Excluded-volume effects for a hadron gas in Yang-Mills theory

TL;DR

This paper investigates how excluded-volume effects influence the equation of state in pure Yang-Mills theories, revealing that glueball volume inversely correlates with mass improves model fits to lattice data.

Contribution

It introduces a detailed analysis of excluded-volume effects in Yang-Mills theories and proposes a volume-mass inverse proportionality for glueball states, enhancing the statistical model's accuracy.

Findings

Best fits occur with glueball volume inversely proportional to mass

The model aligns well with lattice results for SU(2) and SU(3)

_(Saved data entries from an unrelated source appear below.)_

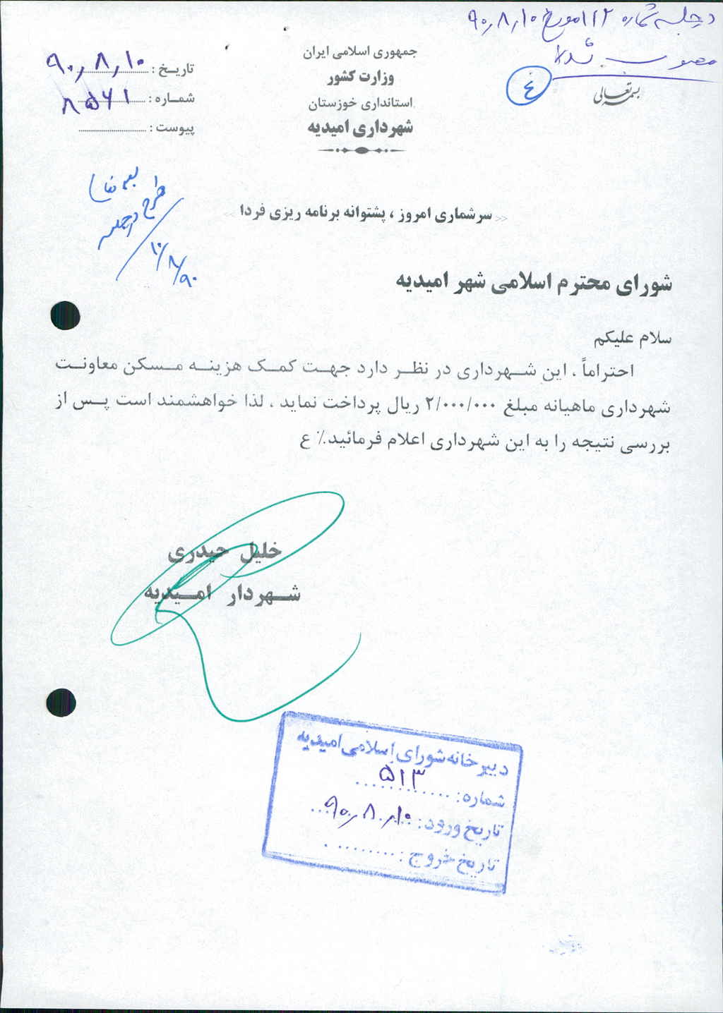 نویسنده شورای اسلامی شهر امیدیه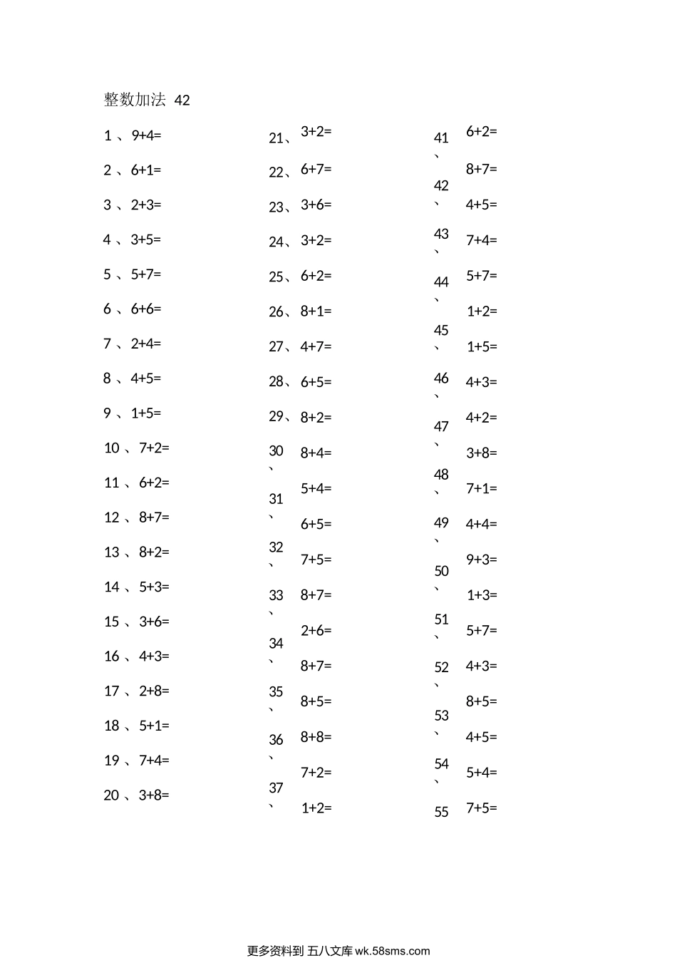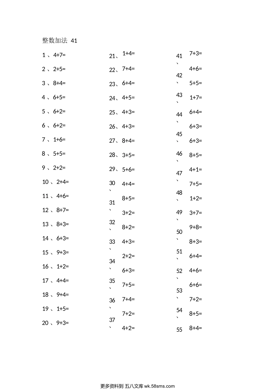 整数加法411、4+7=2、2+5=3、8+4=4、6+5=5、6+2=6、6+2=7、1+6=8、5+5=9、2+2=10、2+4=11、4+6=12、8+7=13、8+3=14、6+3=15、9+3=16、1+2=17、4+4=18、9+4=19、1+5=20、9+3=1+4=7+4=6+4=4+5=4+3=4+3=8+4=3+5=5+6=...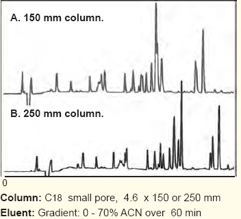 但是對于小分子多肽,往往長柱比短柱的分離度大,這點類似化學(xué)小分子。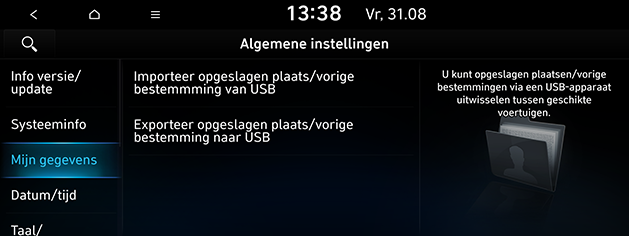 - [Exporteer opgeslagen plaats/vorige bestemming naar USB]: Deze functie wordt gebruikt om het adresboek en vorige bestemmingen van het navigatiesysteem naar het USB-apparaat te exporteren.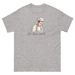 Printed on unisex cotton graphic tees for everyday wear, these “let him cook” shirts are made for casual outfits, supermarkets, gyms, group chats, and situations where someone needs to be left alone to do their thing.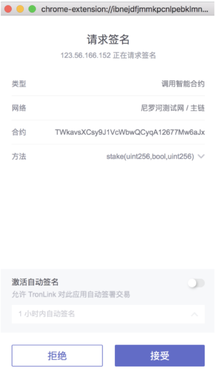 4.点击「投票」按钮后,请在 TronLink 请求签名弹框中点击「签名」按钮,确认投票操作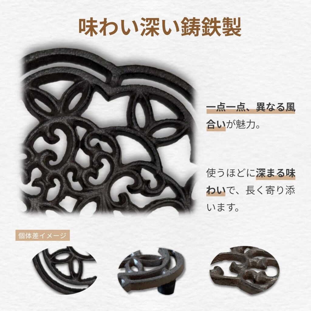 | tatiuh 鍋敷き | ★5.0(14件) | 19.5×19.5×2cm | ・鋳鉄製で高い安定性・三点脚構造・高温でも変形しにくい | Amazon | 約2,000円前後 | 無料 |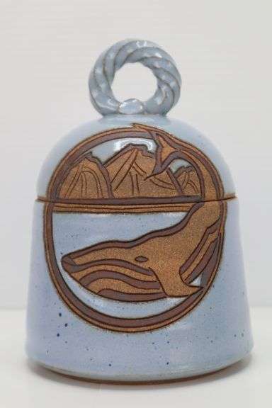 Handmade Stoneware Covered Jar, Depicting A Humpback Whale And Mountains, Having Slate Blue Glaze With Brown Outlines, With A Twisted Round Handle, Signed Burke.

Implications discussed for QCD thermodynamics

Abstract

When the multiplicities of particles produced in heavy-ion collisions are fitted to the hadron-resonance-gas model, excluded-volume effects play a significant role. In this work, we study the impact of such effects on the equation of state of pure Yang-Mills theory at low temperatures, comparing the predictions of the statistical model with lattice results. In particular, we present a detailed analysis of the SU(2) and SU(3) Yang-Mills theories: we find that, for both of them, the best fits to the equilibrium thermodynamic quantities are obtained when one assumes that the volume of different glueball states is inversely proportional to their mass. The implications of these findings for QCD are discussed.